(Data entries)
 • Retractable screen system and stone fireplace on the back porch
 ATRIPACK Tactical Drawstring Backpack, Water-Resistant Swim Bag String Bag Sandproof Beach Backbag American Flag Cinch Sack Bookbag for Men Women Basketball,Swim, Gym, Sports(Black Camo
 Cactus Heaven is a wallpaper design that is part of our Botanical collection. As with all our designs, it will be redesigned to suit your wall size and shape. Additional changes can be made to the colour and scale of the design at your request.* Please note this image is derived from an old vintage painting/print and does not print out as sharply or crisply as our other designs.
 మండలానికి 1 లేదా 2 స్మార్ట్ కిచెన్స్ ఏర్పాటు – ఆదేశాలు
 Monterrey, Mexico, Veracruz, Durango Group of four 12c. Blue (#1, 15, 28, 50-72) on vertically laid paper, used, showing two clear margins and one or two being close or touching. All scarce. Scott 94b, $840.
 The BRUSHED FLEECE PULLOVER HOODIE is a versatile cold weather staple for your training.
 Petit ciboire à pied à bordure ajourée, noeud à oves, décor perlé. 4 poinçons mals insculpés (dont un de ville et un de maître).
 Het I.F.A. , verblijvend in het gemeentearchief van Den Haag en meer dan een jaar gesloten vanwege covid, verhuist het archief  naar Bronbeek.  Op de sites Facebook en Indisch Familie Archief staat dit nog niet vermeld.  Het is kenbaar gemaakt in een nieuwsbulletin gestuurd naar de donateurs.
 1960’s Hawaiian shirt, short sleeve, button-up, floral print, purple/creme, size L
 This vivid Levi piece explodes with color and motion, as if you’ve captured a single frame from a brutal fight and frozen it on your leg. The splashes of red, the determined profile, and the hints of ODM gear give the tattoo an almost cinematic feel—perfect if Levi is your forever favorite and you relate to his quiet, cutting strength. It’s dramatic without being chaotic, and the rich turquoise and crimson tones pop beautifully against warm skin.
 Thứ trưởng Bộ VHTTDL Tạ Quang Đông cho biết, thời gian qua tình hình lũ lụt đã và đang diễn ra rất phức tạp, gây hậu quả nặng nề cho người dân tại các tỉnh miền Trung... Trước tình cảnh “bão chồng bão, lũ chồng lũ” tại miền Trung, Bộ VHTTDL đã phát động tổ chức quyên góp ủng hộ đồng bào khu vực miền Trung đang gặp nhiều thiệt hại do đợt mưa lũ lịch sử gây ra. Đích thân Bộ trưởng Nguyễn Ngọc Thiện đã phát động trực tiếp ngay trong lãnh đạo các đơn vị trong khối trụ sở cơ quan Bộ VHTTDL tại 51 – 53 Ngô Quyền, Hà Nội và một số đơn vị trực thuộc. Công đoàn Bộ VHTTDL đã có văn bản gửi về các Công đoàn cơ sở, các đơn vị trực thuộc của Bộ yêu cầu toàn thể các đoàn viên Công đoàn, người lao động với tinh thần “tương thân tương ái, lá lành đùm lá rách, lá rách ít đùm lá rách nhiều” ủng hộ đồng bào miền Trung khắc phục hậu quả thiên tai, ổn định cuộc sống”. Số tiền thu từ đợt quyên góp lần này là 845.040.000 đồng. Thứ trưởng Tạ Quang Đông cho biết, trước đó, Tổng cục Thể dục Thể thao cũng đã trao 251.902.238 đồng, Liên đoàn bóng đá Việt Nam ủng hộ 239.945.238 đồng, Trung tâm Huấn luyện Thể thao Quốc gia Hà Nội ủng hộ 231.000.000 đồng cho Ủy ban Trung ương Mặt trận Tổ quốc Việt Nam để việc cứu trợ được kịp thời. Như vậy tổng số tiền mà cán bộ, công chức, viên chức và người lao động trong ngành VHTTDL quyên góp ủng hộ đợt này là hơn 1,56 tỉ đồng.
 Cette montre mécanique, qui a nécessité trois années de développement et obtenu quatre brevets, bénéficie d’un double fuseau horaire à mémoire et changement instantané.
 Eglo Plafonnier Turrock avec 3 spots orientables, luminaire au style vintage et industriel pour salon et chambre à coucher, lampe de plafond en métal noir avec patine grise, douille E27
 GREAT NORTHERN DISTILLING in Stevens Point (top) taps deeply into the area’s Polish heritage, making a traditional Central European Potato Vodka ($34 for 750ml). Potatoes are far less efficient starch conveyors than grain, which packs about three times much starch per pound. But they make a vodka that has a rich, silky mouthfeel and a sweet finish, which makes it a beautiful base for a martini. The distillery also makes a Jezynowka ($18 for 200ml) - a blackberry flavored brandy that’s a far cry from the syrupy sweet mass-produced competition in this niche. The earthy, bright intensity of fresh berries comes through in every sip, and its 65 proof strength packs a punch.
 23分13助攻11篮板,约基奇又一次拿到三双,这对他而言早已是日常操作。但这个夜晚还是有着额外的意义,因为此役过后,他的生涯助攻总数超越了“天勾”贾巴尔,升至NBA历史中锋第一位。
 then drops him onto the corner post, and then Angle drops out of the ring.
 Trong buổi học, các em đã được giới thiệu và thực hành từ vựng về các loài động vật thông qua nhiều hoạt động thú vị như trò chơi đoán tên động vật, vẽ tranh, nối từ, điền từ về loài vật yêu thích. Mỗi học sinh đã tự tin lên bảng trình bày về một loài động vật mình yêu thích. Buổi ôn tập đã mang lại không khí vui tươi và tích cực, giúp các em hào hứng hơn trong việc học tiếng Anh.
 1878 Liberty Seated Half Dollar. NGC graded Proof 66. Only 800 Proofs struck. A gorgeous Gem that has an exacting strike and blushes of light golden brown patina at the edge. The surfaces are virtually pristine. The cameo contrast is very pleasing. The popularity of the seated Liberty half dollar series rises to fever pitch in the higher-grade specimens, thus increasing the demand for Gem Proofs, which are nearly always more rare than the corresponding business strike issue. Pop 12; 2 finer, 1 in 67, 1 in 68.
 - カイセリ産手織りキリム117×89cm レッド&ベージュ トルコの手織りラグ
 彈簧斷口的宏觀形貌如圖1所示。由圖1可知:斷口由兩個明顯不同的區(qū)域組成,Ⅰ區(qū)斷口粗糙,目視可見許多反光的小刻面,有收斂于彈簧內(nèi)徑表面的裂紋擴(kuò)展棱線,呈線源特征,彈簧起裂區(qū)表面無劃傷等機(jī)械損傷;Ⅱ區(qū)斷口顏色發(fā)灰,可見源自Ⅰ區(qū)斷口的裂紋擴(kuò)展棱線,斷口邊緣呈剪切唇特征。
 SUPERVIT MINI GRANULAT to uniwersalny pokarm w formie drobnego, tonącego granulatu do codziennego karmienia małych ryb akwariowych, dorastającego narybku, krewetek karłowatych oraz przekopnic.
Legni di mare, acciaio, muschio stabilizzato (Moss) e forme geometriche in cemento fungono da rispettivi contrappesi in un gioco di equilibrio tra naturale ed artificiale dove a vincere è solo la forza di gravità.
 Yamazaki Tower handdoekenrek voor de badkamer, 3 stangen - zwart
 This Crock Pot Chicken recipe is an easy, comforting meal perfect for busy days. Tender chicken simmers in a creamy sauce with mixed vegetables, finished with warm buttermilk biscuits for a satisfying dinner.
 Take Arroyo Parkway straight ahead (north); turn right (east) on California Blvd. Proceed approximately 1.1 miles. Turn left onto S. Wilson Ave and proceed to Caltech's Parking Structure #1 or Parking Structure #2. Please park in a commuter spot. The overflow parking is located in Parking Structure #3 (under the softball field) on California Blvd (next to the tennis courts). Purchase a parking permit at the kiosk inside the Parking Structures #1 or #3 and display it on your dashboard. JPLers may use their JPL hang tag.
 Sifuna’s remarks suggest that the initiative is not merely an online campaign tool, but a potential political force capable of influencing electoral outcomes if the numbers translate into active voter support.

#### Task directions
Could you restate, word for word, the lines above from the one with "1878 Liberty Seated" to the one with "Yamazaki Tower handdoekenrek", both included?

#### Answer area
 1878 Liberty Seated Half Dollar. NGC graded Proof 66. Only 800 Proofs struck. A gorgeous Gem that has an exacting strike and blushes of light golden brown patina at the edge. The surfaces are virtually pristine. The cameo contrast is very pleasing. The popularity of the seated Liberty half dollar series rises to fever pitch in the higher-grade specimens, thus increasing the demand for Gem Proofs, which are nearly always more rare than the corresponding business strike issue. Pop 12; 2 finer, 1 in 67, 1 in 68.
 - カイセリ産手織りキリム117×89cm レッド&ベージュ トルコの手織りラグ
 彈簧斷口的宏觀形貌如圖1所示。由圖1可知:斷口由兩個明顯不同的區(qū)域組成,Ⅰ區(qū)斷口粗糙,目視可見許多反光的小刻面,有收斂于彈簧內(nèi)徑表面的裂紋擴(kuò)展棱線,呈線源特征,彈簧起裂區(qū)表面無劃傷等機(jī)械損傷;Ⅱ區(qū)斷口顏色發(fā)灰,可見源自Ⅰ區(qū)斷口的裂紋擴(kuò)展棱線,斷口邊緣呈剪切唇特征。
 SUPERVIT MINI GRANULAT to uniwersalny pokarm w formie drobnego, tonącego granulatu do codziennego karmienia małych ryb akwariowych, dorastającego narybku, krewetek karłowatych oraz przekopnic.
Legni di mare, acciaio, muschio stabilizzato (Moss) e forme geometriche in cemento fungono da rispettivi contrappesi in un gioco di equilibrio tra naturale ed artificiale dove a vincere è solo la forza di gravità.
 Yamazaki Tower handdoekenrek voor de badkamer, 3 stangen - zwart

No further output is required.